Keynes anticipated technology would be the answer. Mankind would have harnessed it to solve the economic problem. He thought that  for the first time since his creation man will be faced with a new problem—how to use his freedom from pressing economic cares, how to occupy the leisure, which science and compound interest will have won for him, to live wisely and agreeably and well. He had assumed that the wealth created for us (by machines) would flow to all peoples, thus allowing us to to cultivate into a fuller perfection, the art of life itself and do not sell themselves for the means of life, who will be able to enjoy the abundance when it comes. He did not mention nor foresee that mankind had not dealt with the distribution of the wealth created by the machines. 
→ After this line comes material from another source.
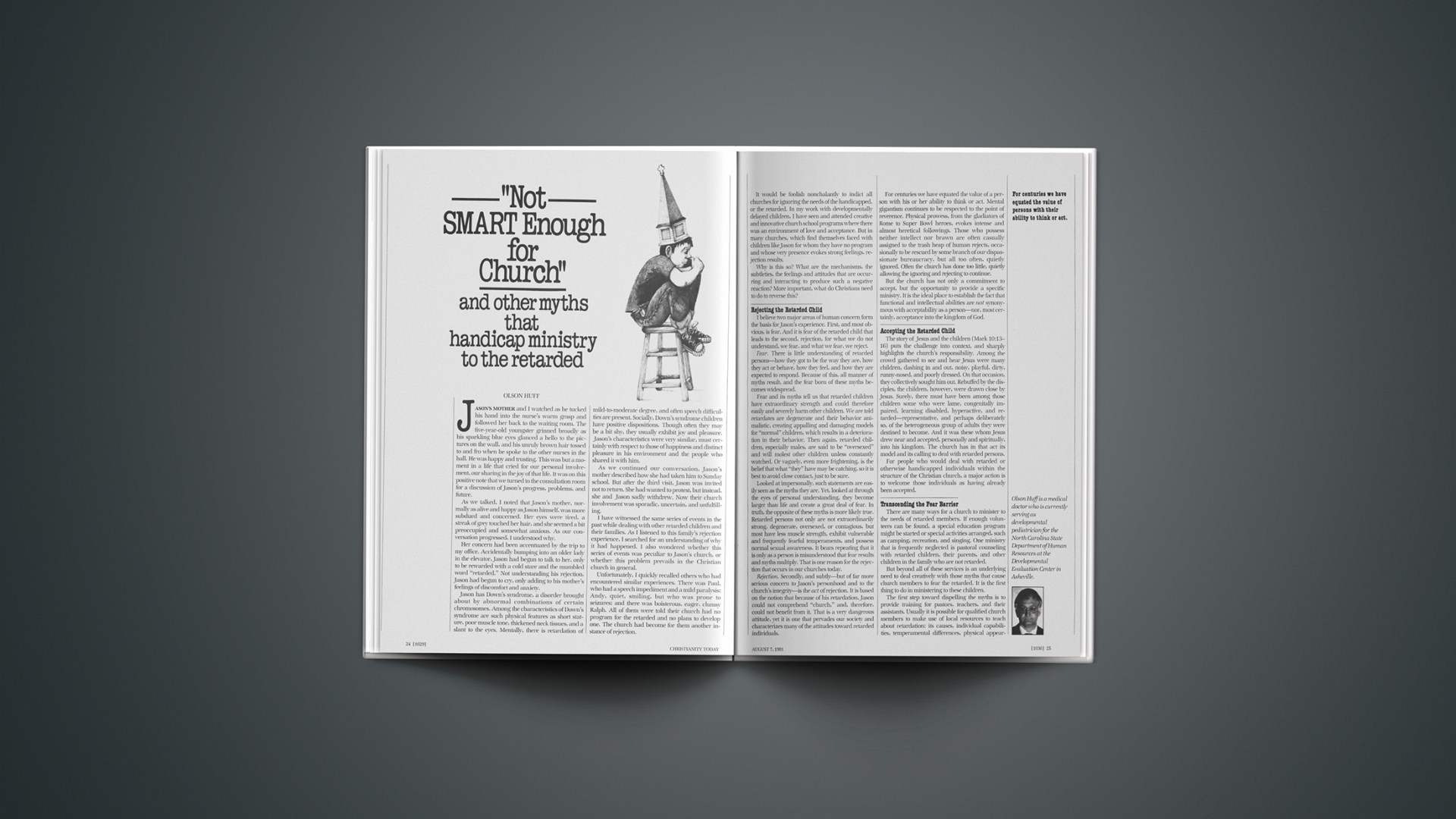For centuries we have equated the value of a person with his or her ability to think or act. Mental gigantism continues to be respected to the point of reverence. Physical prowess, from the gladiators of Rome to Super Bowl heroes, evokes intense and almost heretical followings. Those who possess neither intellect nor brawn are often casually assigned to the trash heap of human rejects, occasionally to be rescued by some branch of our dispassionate bureaucracy, but all too often, quietly ignored. Often the church has done too little, quietly allowing the ignoring and rejecting to continue.

So inequality expanded at an alarming rate and before the 2nd decade of the 21st was barely halfway, we had jingoistic leaders like Trump and Johnson who would persuade their respective populations to withdraw from international/regional collaborations and to put their countries first. Neither would solve the fundamental problems described by Messrs Keynes and Piketty.

Even in well run countries, like Singapore, the electorate voted to have more opposition voices in parliament. Singaporeans too felt the widening inequalities and they too had pinned the blame on foreigners taking their jobs. They also felt (eloquently expressed by a star opposition candidate, Jamus Lim) that the government has taken the side of capital rather than labour. It is little wonder that The Workers' Party (including Jamus) won the seats in parliament.




My children (yes, those with phones smarter than a rocketship) are fortunate to be in the sponsorship and employment of good institutions. So, they will have jobs when they finish their tertiary studies. But when they start working, they will be part of a new generation. They will know that there are others whose skills are not rewarded (or required) by the capitalist system. If they have the inclination as well as the opportunity, they need to find a right way forward for society. One where the economic gains are more fairly distributed not by pulling down the rich or weakening the strong. They have to share the wealth without taking away dignity and  without extinguishing the incentive for humans to keep striving. That way, we can then hope for a peaceful future for our grandchildren rather than staring into the spectre of yet another class war.